Another nice trick by @glennjackman, which preserves the order of files, starting from the deepest ones. Again, remove echo
when done.
tar tvf myarchive.tar | tac | xargs -d'\n' echo rm
This could then be followed by the normal rmdir
cleanup.
Solution 3:
Here's a possibility that will take the extracted files and move them to a subdirectory, cleaning up your main folder.
#!/usr/bin/perl -w
use strict;
use Getopt::Long;
my $clean_folder = "clean";
my $DRY_RUN;
die "Usage: $0 [--dry] [--clean=dir-name]\n"
if ( !GetOptions("dry!" => \$DRY_RUN,
"clean=s" => \$clean_folder));
# Protect the 'clean_folder' string from shell substitution
$clean_folder =~ s/'/'\\''/g;
# Process the "tar tv" listing and output a shell script.

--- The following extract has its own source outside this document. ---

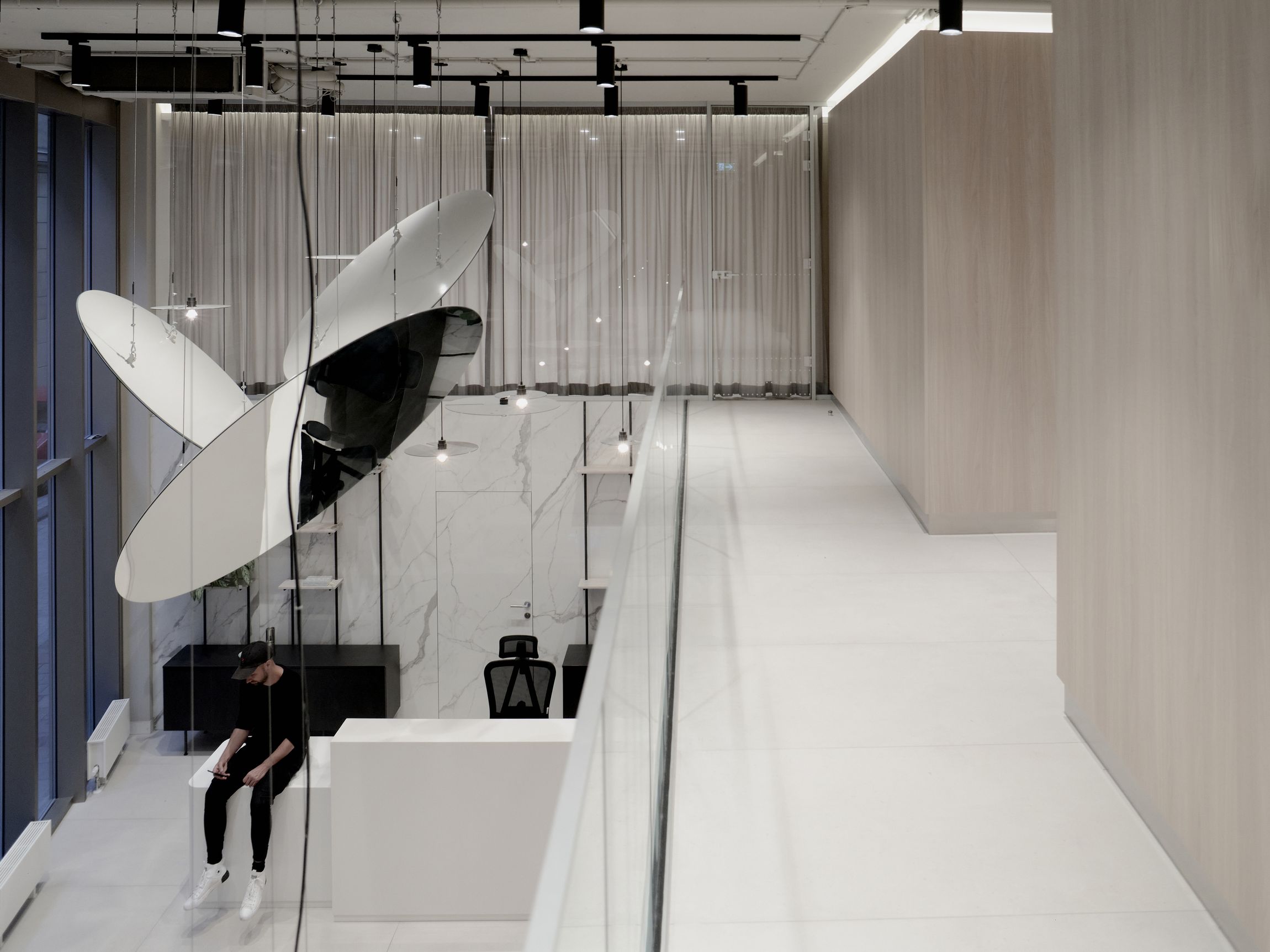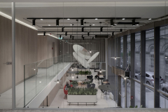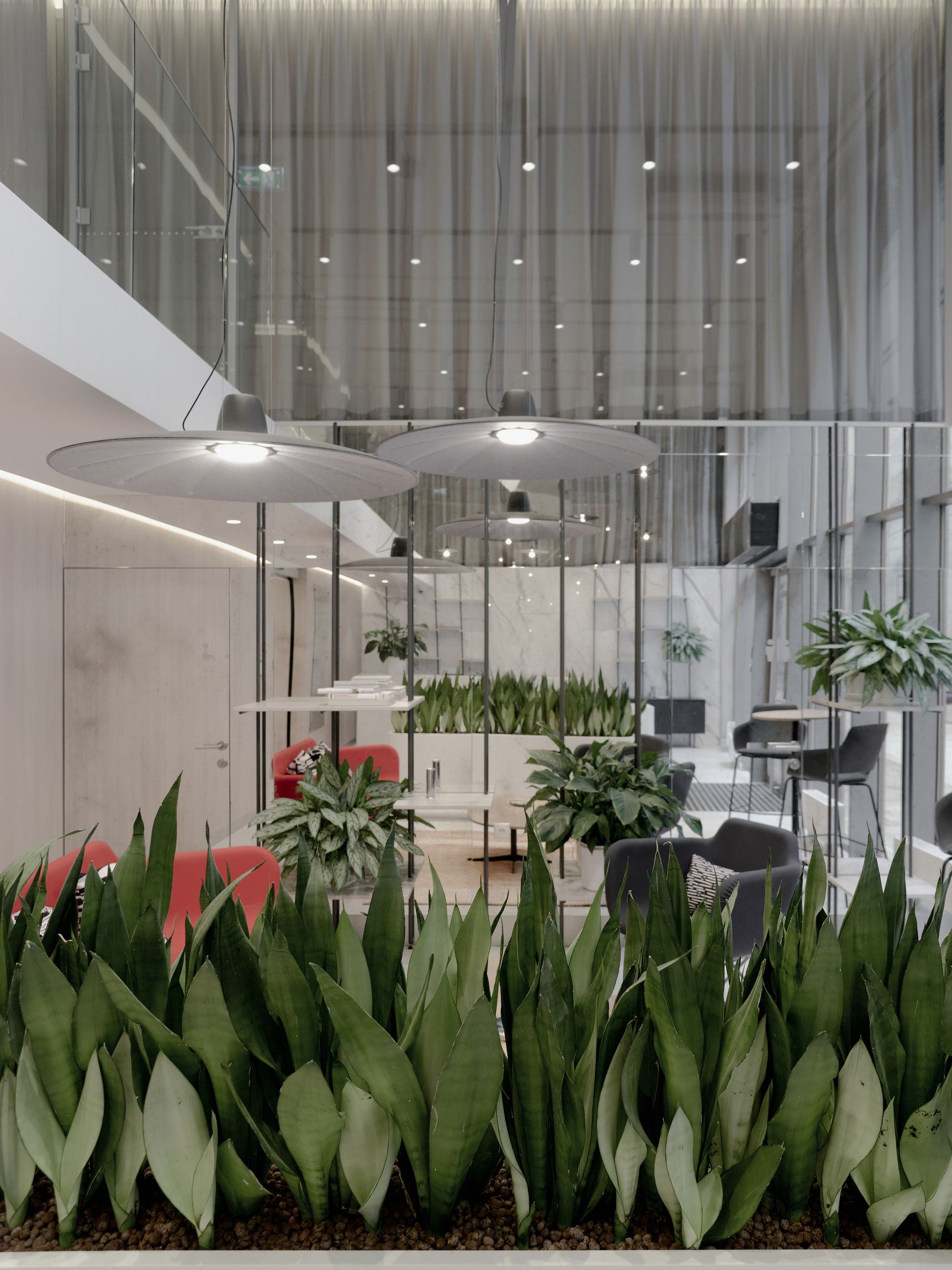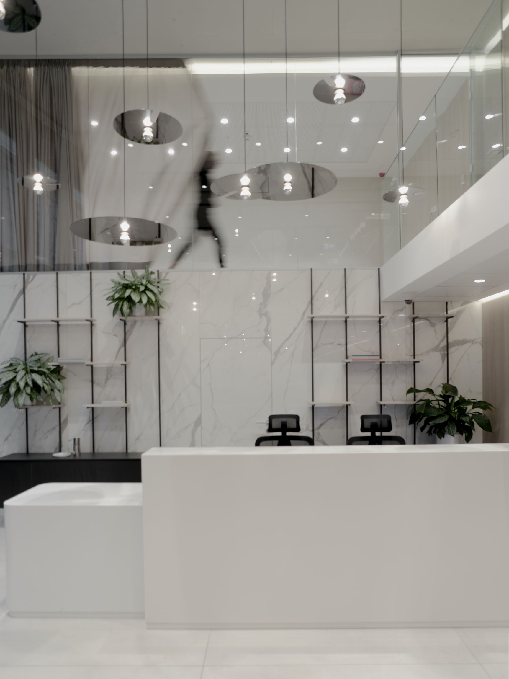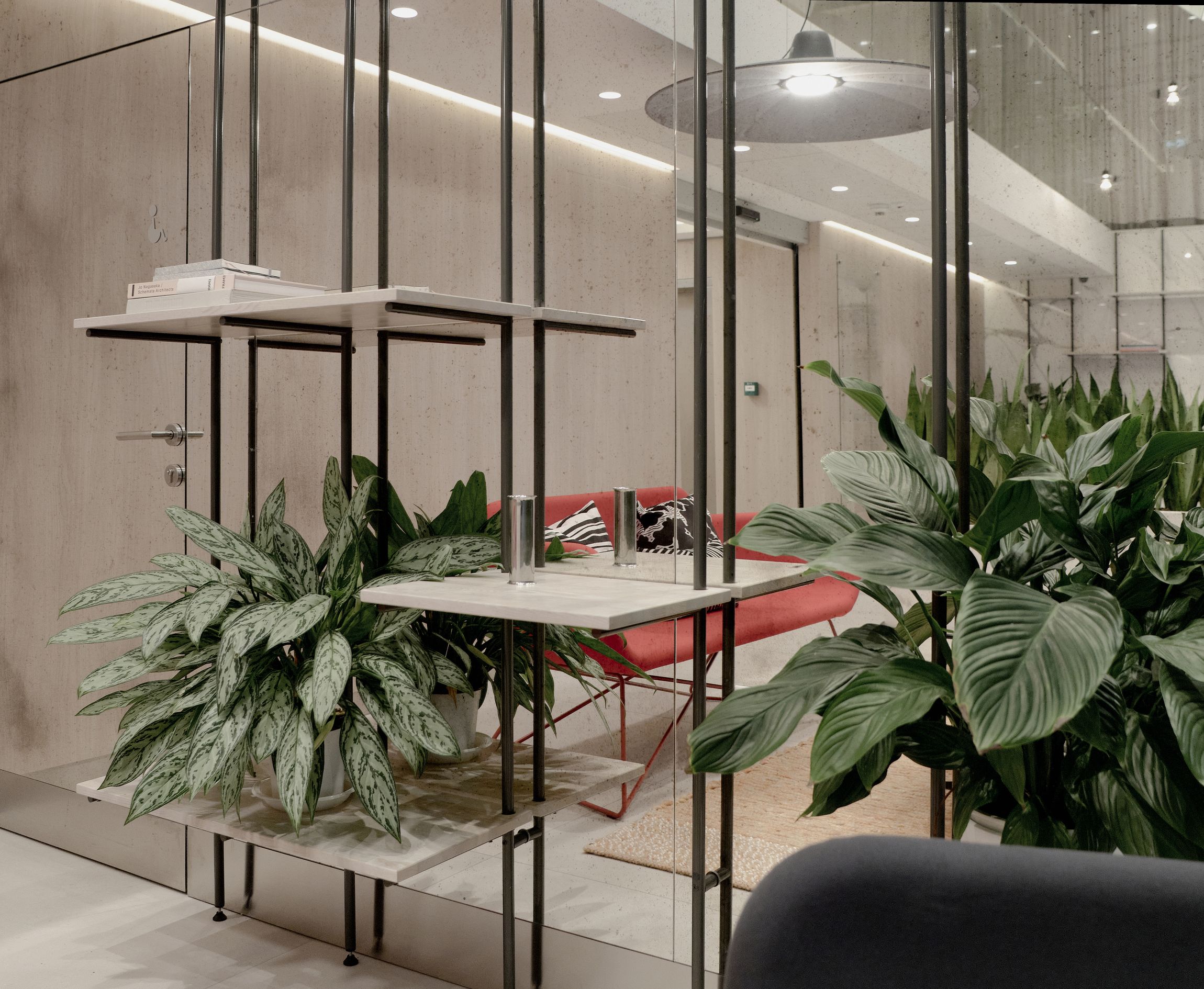 The main expectation was to create an open space, visible from the street. We freed up the room with transparency where possible, removed the shading from the facade and the suspended ceiling to gain a feeling of more space. We also used mirrors and reflective surfaces to virtually enlarge the place. We added a mini bar to the reception to serve the colleagues in the buildings, and provided more seats for meetings or informal gatherings. We adjusted different light solutions for the different times of the day. We also built in sound-proof and acoustically absorbent elements to soften echoing.
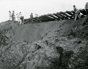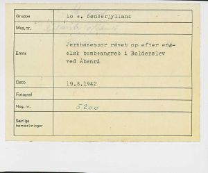 Maskingenkendt tekst fra fotokuvert: Jernbanespor revet op efter engelsk bombeangreb i Bolderslev ved Åbenrå

print "#!/bin/sh\n" if ( !$DRY_RUN );
while (<>)
{
chomp;
# Strip out permissions string and the directory entry from the 'tar' list
my $perms = substr($_, 0, 10);
my $dirent = substr($_, 48);
# Drop entries that are in subdirectories
next if ( $dirent =~ m:/.: );
# If we're in "dry run" mode, just list the permissions and the directory
# entries.
#
if ( $DRY_RUN )
{
print "$perms|$dirent\n";
next;
}
# Emit the shell code to clean up the folder
$dirent =~ s/'/'\\''/g;
print "mv -i '$dirent' '$clean_folder'/.\n";
}
Save this to the file fix-tar.pl
and then execute it like this:
$ tar tvf myarchive.tar | perl fix-tar.pl --dry
This will confirm that your tar
list is like mine. You should get output like:
-rw-rw-r--|batch
-rw-rw-r--|book-report.png
-rwx------|CaseReports.png
-rw-rw-r--|caseTree.png
-rw-rw-r--|tree.png
drwxrwxr-x|sample/
If that looks good, then run it again like this:
$ mkdir cleanup
$ tar tvf myarchive.tar | perl fix-tar.pl --clean=cleanup > fixup.sh
The fixup.sh
script will be the shell commands that will move the top-level files and directories into a "clean" folder (in this instance, the folder called cleanup
). Have a peek through this script to confirm that it's all kosher. If it is, you can now clean up your mess with:
$ sh fixup.sh
I prefer this kind of cleanup because it doesn't destroy anything that isn't already destroyed by being overwritten by that initial tar xv
.
Note: if that initial dry run output doesn't look right, you should be able to fiddle with the numbers in the two substr
function calls until they look proper. The $perms
variable is used only for the dry run so really only the $dirent
substring needs to be proper.
One other thing: you may need to use the tar
option --numeric-owner
if the user names and/or group names in the tar
listing make the names start in an unpredictable column.